**Assigned task:**
Down to the last line below, write out every line exactly, starting with the one that contains "9月9日上午,数学与大数据学" and leaving out the pictures.
(Data)
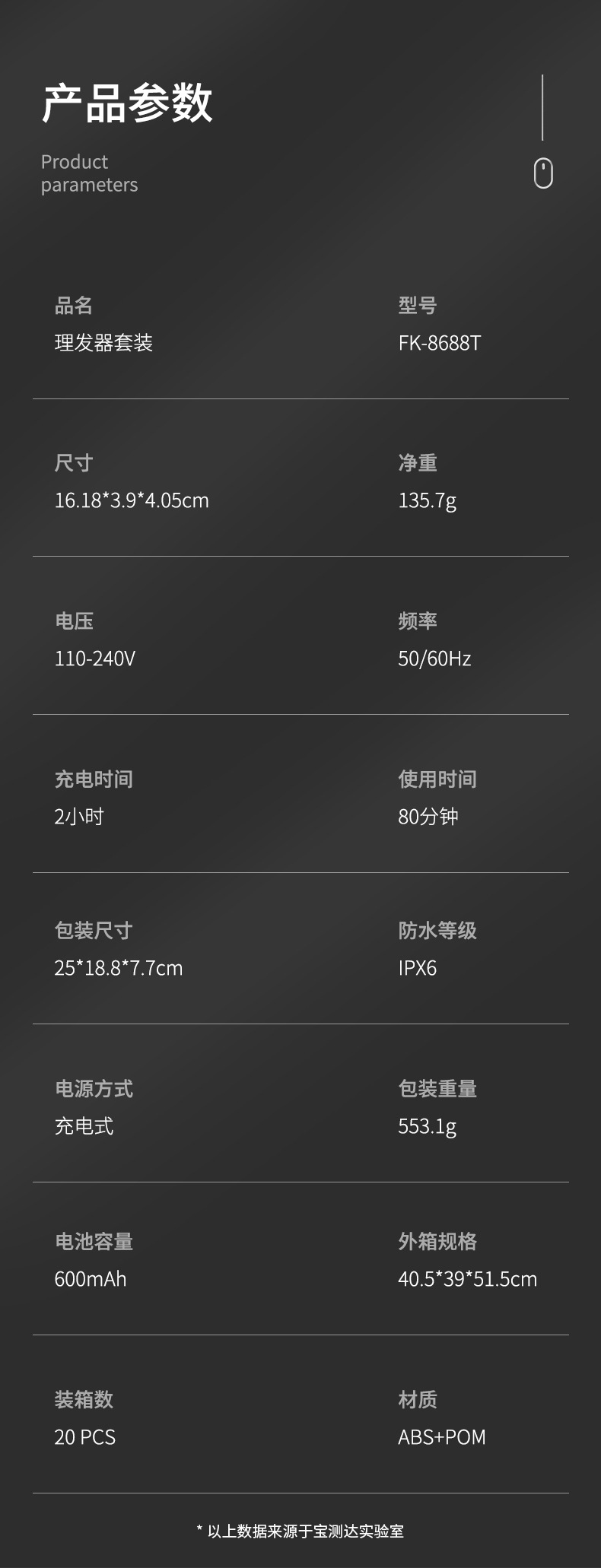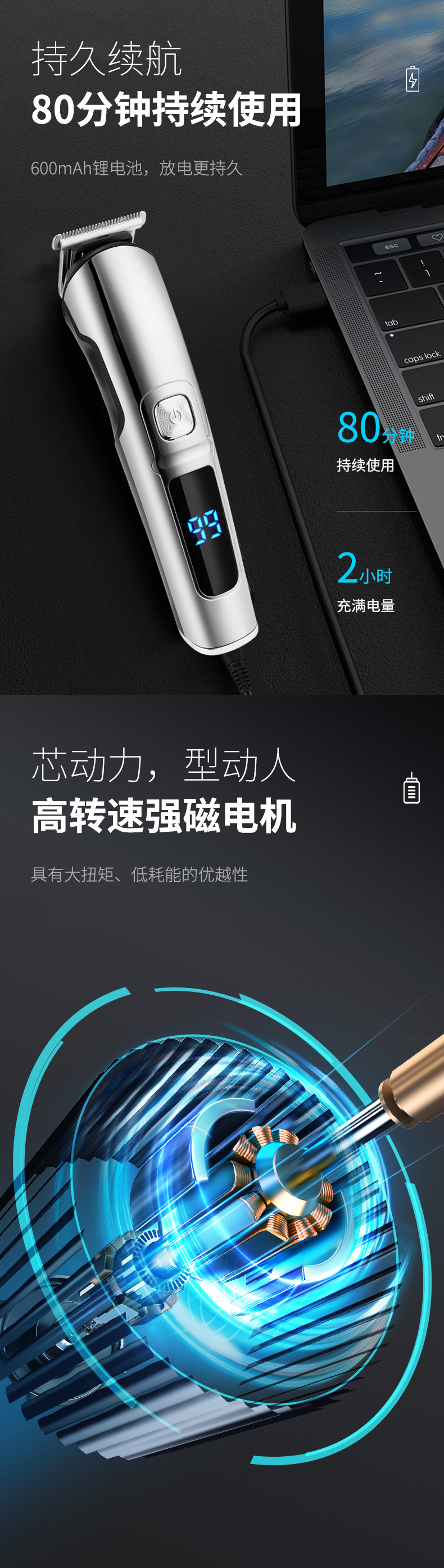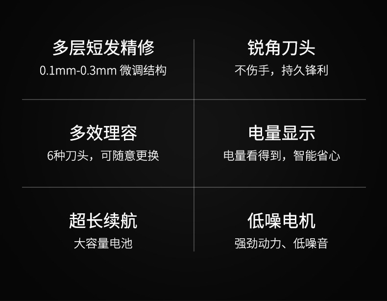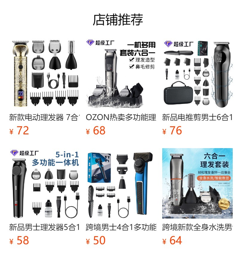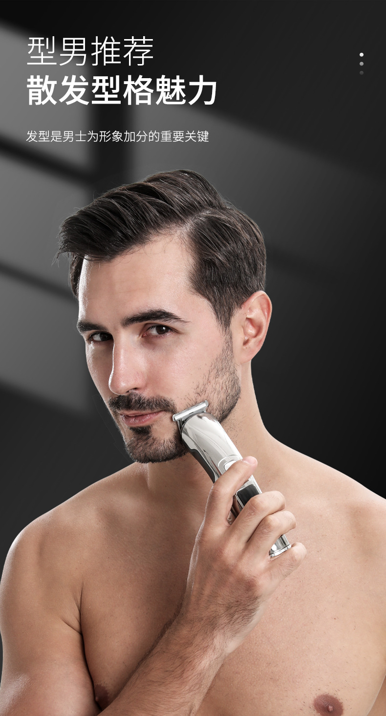 产品特点:液晶电量显示、机身全身水洗、6合1换头电推剪、2档动力调节;
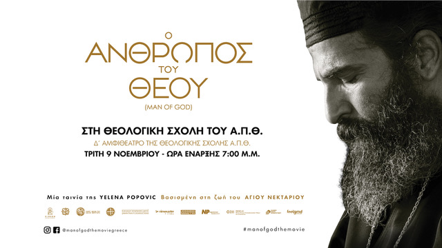 Στο πλαίσιο του μαθήματος «Θεολογία και Κινηματογράφος» η Κοσμητεία της Θεολογικής Σχολής του Αριστοτελείου Πανεπιστημίου Θεσσαλονίκης και το Ινστιτούτο «Άγιος Μάξιμος ο Γραικός» διοργανώνουν σήμερα από κοινού εκδήλωση αφιερωμένη στην ταινία «Ο άνθρωπος του Θεού» της Yelena Popovic κατά την οποία θα προβληθεί και η ταινία.
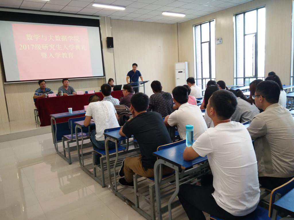 9月9日上午,数学与大数据学院在学院楼一楼学术报告厅举行2017级硕士研究生新生开学典礼暨入学教育开班仪式。院党委书记赵前进、院长方贤文、院党委副书记(兼副院长)李勇,各系主任、导师代表以及2017级硕士研究生新生参加了典礼。
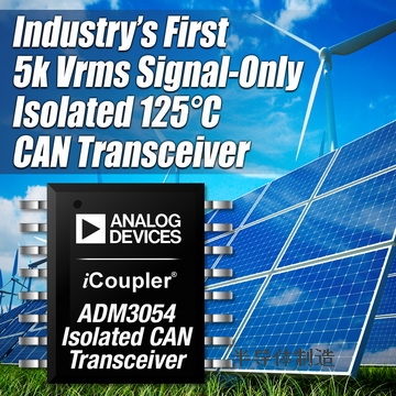 ADI最近推出首款信號隔離CAN(控制器區域網絡)收發器 ADM3054,進一步擴展了其業界領先的隔離接口產品系列,隔離額定值達5 kVrms,工作溫度可達125?C。ADM3054經過全面認證,提供隔離的電源檢測功能,采用高集成度的單個表貼封裝,能夠在惡劣工業環境下工作。與基于光耦合器元件的的傳統分立器件相比,該新款CAN收發器減少了70%的元件數量,極大地簡化了設計,同時縮小高達61%的電路板空間。
(End Data)
**Answer to this exercise:**
 9月9日上午,数学与大数据学院在学院楼一楼学术报告厅举行2017级硕士研究生新生开学典礼暨入学教育开班仪式。院党委书记赵前进、院长方贤文、院党委副书记(兼副院长)李勇,各系主任、导师代表以及2017级硕士研究生新生参加了典礼。
 ADI最近推出首款信號隔離CAN(控制器區域網絡)收發器 ADM3054,進一步擴展了其業界領先的隔離接口產品系列,隔離額定值達5 kVrms,工作溫度可達125?C。ADM3054經過全面認證,提供隔離的電源檢測功能,采用高集成度的單個表貼封裝,能夠在惡劣工業環境下工作。與基于光耦合器元件的的傳統分立器件相比,該新款CAN收發器減少了70%的元件數量,極大地簡化了設計,同時縮小高達61%的電路板空間。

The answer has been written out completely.